What you give must be the lines from the one containing "アクセサリー アクセサリーパーツ パーツ" through the last line of the listing below, exactly, with nothing else and no pictures.
[Opening Excerpted records section]
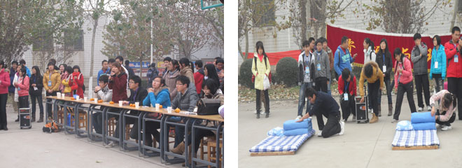 为了进一步创建和谐文明宿舍,培养11级新生良好的生活习惯,我院于11月27日早上8点半在南院篮球场举办了11级新生叠军被大赛。出席本次大赛的评委有资源与环境学院自律会副主席刘香花、闫晓彤、刘国秀,学生会副主席朱小荷、黄超,记者团副团长张玥、蒙玮;参加比赛的同学为11级各宿舍的新生代表们。
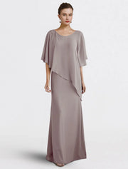 Sheath / Column Mother of the Bride Dress Wedding Guest Plus Size Elegant V Neck Floor Length Chiffon Half Sleeve with Beading Fall - US 2 / UK 6 / EU 32
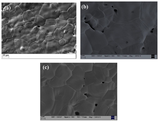 Figure 8 shows the microstructures of UO2–graphene sintered pellets (graphene contents 8% and 4%) prepared by physical mixing and in situ synthesis. The pellets prepared by physical mixing showed more pores concentrated along the grain boundary due to lack of physically mixed pellets, as the UO2 did not mix with the graphene powder evenly, which resulted in agglomeration. The agglomerated graphene concentrated at the grain boundary of UO2 hindered the sintering densification of UO2 pellets, which produced more pores, while pellets prepared by in situ synthesis did not show obvious pores at the grain boundary because the grains were closely bonded. This was due to graphene coating UO2 during the preparation of the mixed powder, which bound at the molecular level. Such a mixed powder has two advantages: first, UO2 evenly mixes with graphene without the agglomeration of graphene. Second, during sintering, homogenous substances between UO2 particles bound directly and increased the sintering density. Graphene was uniformly coated by UO2, and the thermal conductivity of the pellets improved by forming a bridging heat conduction network [19,20].
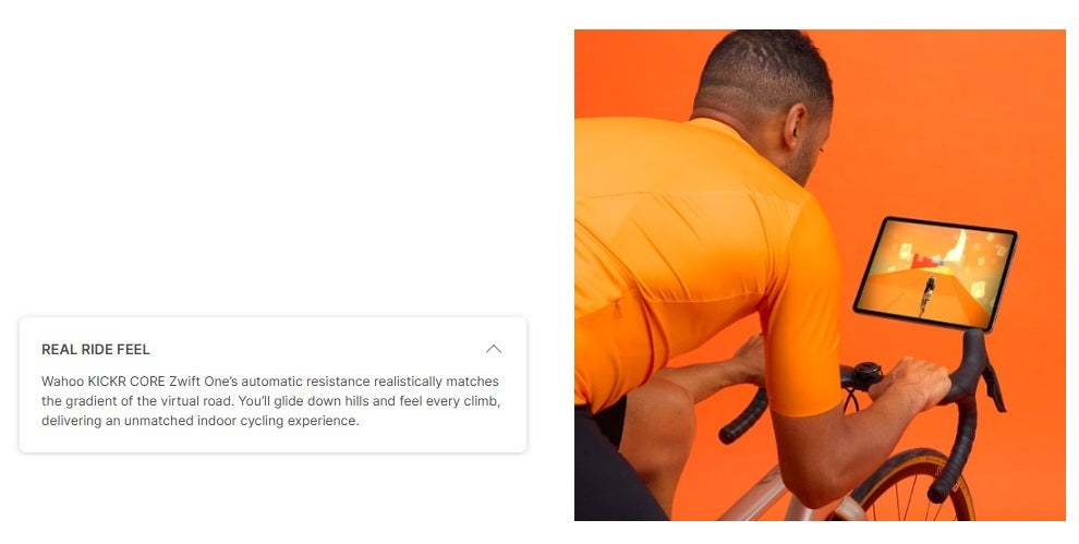 • Real Ride Feel - Wahoo KICKR CORE Zwift One’s automatic resistance realistically matches the gradient of the virtual road. You’ll glide down hills and feel every climb, delivering an unmatched indoor cycling experience.
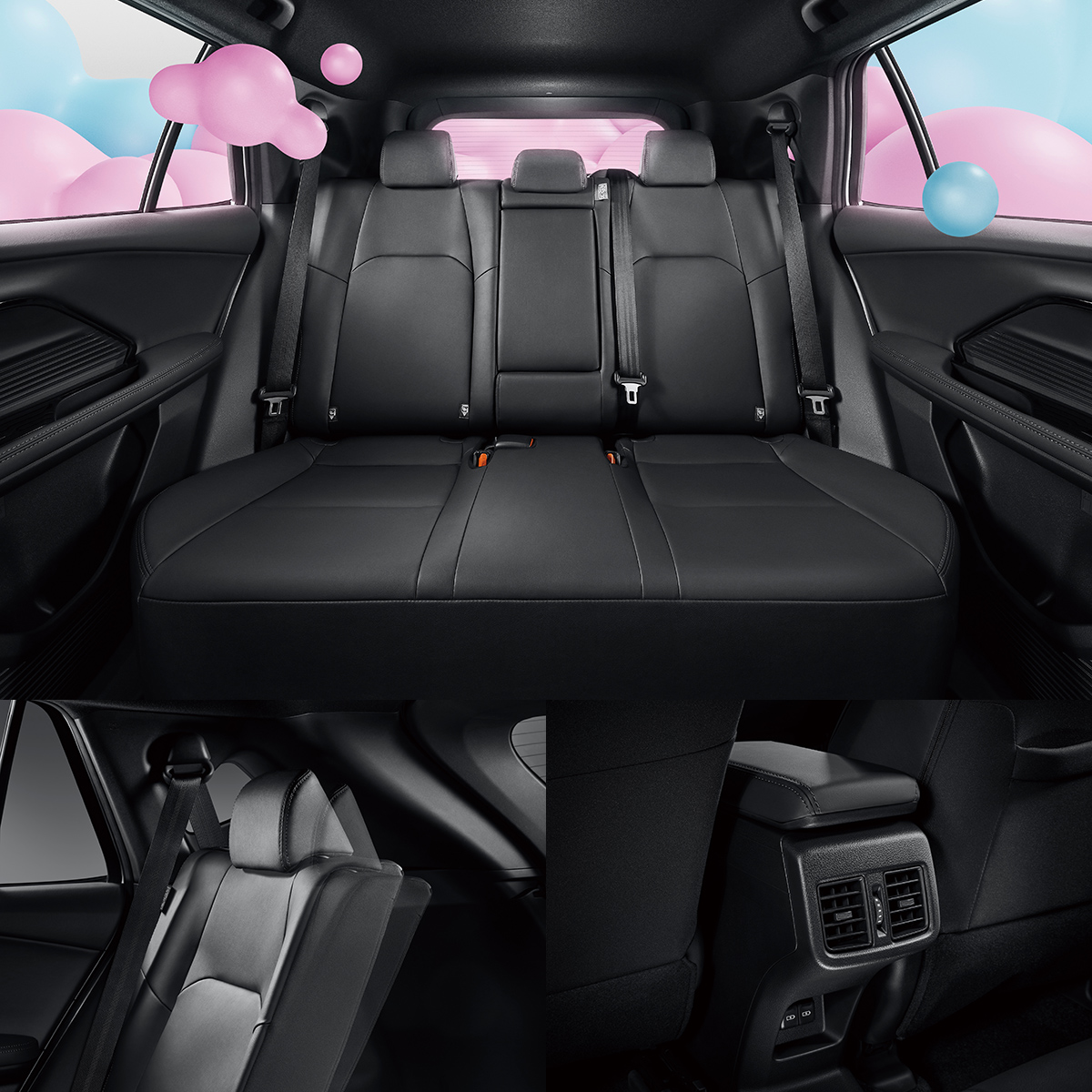 在乘坐空間上,Yaris Cross透過最大化軸距設計,在4.3公尺的車身尺寸下創造出2,620mm的優異軸距表現,搭配上出色的頭部與膝部空間,提供乘客寬闊的乘坐體驗!此外,Yaris Cross更配備兩段椅背傾角可調後座椅、後座出風口(酷動版、潮玩版)及雙Type-C充電孔,舒適與便利滿分。
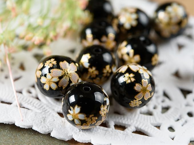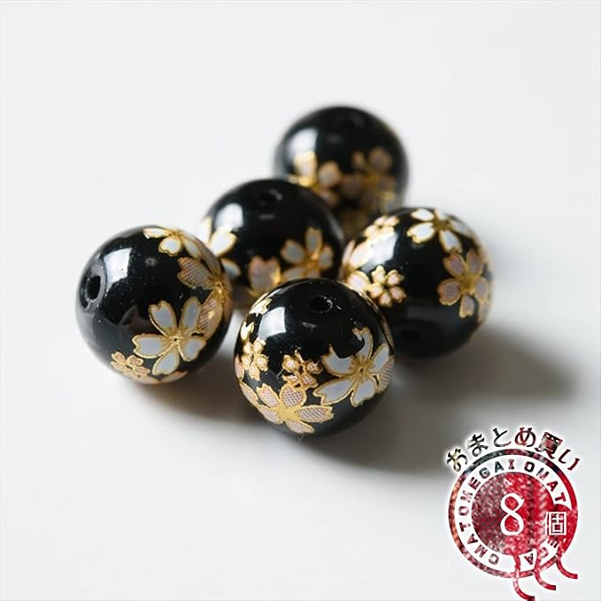 【内容詳細】ビーズパーツ 桜ビーズ 不透明 10mm ブラック 8個 8ヶ 約1cm ビーズ 桜模様入り 穴有り カラフルビーズ ガラスチャーム ガラスパーツ ガラスビーズ アクセサリー アクセサリーパーツ パーツ
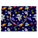 Ein lebendiges Raumthema mit Astronauten, Außerirdischen im Weltraum, Asteroiden und verschiedenen Raumobjekten.
[Closing Excerpted records section]
> Task output
 【内容詳細】ビーズパーツ 桜ビーズ 不透明 10mm ブラック 8個 8ヶ 約1cm ビーズ 桜模様入り 穴有り カラフルビーズ ガラスチャーム ガラスパーツ ガラスビーズ アクセサリー アクセサリーパーツ パーツ
 Ein lebendiges Raumthema mit Astronauten, Außerirdischen im Weltraum, Asteroiden und verschiedenen Raumobjekten.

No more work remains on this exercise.